The Big Ten Anti-Hate and Anti-Racism Coalition is just over three months old, and though still in its beginning stages, its purpose of fighting hate is becoming realized.

Big Ten commissioner Kevin Warren announced the coalition’s formation back in June after the death of George Floyd.

The goal of the Coalition is to seek tangible ways to actively and constructively combat racism and hate around the world while also empowering student-athletes to express their rights to free speech and peaceful protest,” a press release from the Big Ten said in June.

While a broadly defined goal, the coalition — comprised of student-athletes, coaches and athletic department faculty — has already begun to show signs of progress and success.

“A big effort has been on voter registration and making sure people are informed voters,” Michigan football player and member of the coalition Hunter Reynolds said. “We’re in an election year this year, a pivotal election year. (Our goal is) making sure every athlete across every school in the conference is registered to vote. Making sure that everyone understands the voting process and what they have to go through, whether it’s actually going to a physical location or submitting an absentee ballot.”

Michigan soccer coach Chaka Daley doubled down on the coalition’s focus on voting — also tied to the Big Ten’s voter registration committee — citing it as one of the “tangible” results spoken of in the statement about the goal of the coalition. The coalition’s strategy in implementing those results has been through teaching and accessibility of registration. 

“We’ve gone with the educational piece,” Daley said about Michigan’s focus within the coalition. “…  I think at this point the tangible pieces from our perspective are starting to educate the masses, and that’s as tangible as the beginning gets.”

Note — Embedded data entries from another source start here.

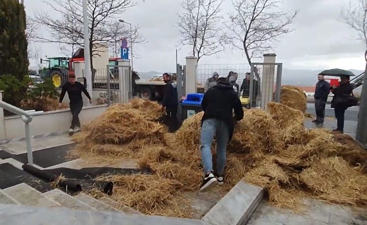 Άχυρα και…κοπριά πέταξαν το μεσημέρι της Κυριακής αγρότες στο κτίριο της Περιφέρειας Δυτ. Μακεδονίας.
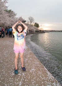 Sophie completed her Junior LEGO league this month and demonstrated (with her team) the cell phone models that they had created for the project to show cell phones from the past, present, and future. Sophie enjoyed visiting the Cherry Blossoms a lot, there was a point where the blossoms were falling so hard of the trees that it was like snow, Sophie seem to enjoy this enormously. Sophie showed the most improvement of any of us while rock climbing this month, at first she was a little timid and would only climb a third of the way up the wall, but by the end of the day she managed to climb all the way to the top. As an early birthday present, Sophie got a bike and we hope that this will give her enough time to get used to riding it before her triathlon in May. Track is going well for Sophie and she is quite the little runner, often in the leading pack of runners in her races.
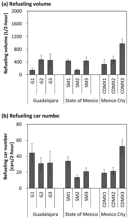 3.1. Refueling Volume and Number of Cars
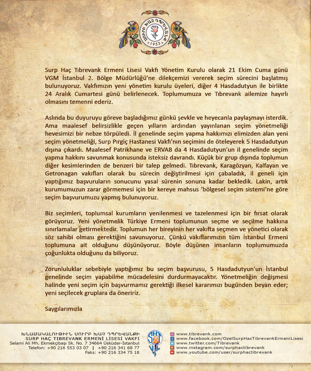 Surp Haç Tıbrevank Ermeni Lisesi Vakfı, 24 Aralık Cumartesi günü yönetim kurulu seçimi yapmak için Vakıflar Genel Müdürlüğü'ne başvurdu.
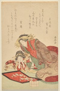 Ichikawa Danjûrô VII a Segawa Kikunojô V v het toneelstuk Shibaraku(Ichikawa Danjûrô VII en Segawa Kikunojô V in het toneelstuk Shibaraku)Katsukawa Shuntei(print maker),Danjûrô Enba,Issen |

That education starts with members of the coalition. Each school has its own group of people — there’s no set number — working toward the goals of the coalition on their respective campus. Michigan’s group is composed of four student-athletes including Reynolds, five coaches such as Daley, Kim Barnes Arico, Jim Harbaugh and Juwan Howard, athletic director Warde Manuel, University president Mark Schlissel and four other University faculty members. Each school’s group was chosen from volunteers as well as those who were asked to volunteer.

To start to educate its members, the coalition has groups from Big Ten schools meet with each other over Zoom and share experiences. Topics regarding racism, hate and other related issues are discussed to help with broader understanding. 

“I think (it’s important) just sharing the perspectives of the people that are on it and recognizing that everyone comes from different backgrounds and sometimes your experiences might not reflect on someone else’s experiences,” Reynolds said. “So just really stressing to people that while you might have positive encounters in certain aspects of your life, other people might see it as a negative and just really being open to seeing other sides of things.”

Though sharing may seem simple, it can have a positive effect on some.

“Obviously, it starts with every coach and how every coach approaches their group or their team,” Daley said. “So for me it’s not something too dissimilar from what I’ve already begun in my (team),. … But I think for others it has (been different), so I think (the coalition’s policy has) been a great tangible piece of education that made people stand up, think and look.”

For the future, both Daley and Reynolds say there is no defined “roadmap” of sorts to rigidly structure the direction of the coalition. It’s more about educating in response to what’s happening in the world around athletics.

But at least until Nov. 3 that remains the election.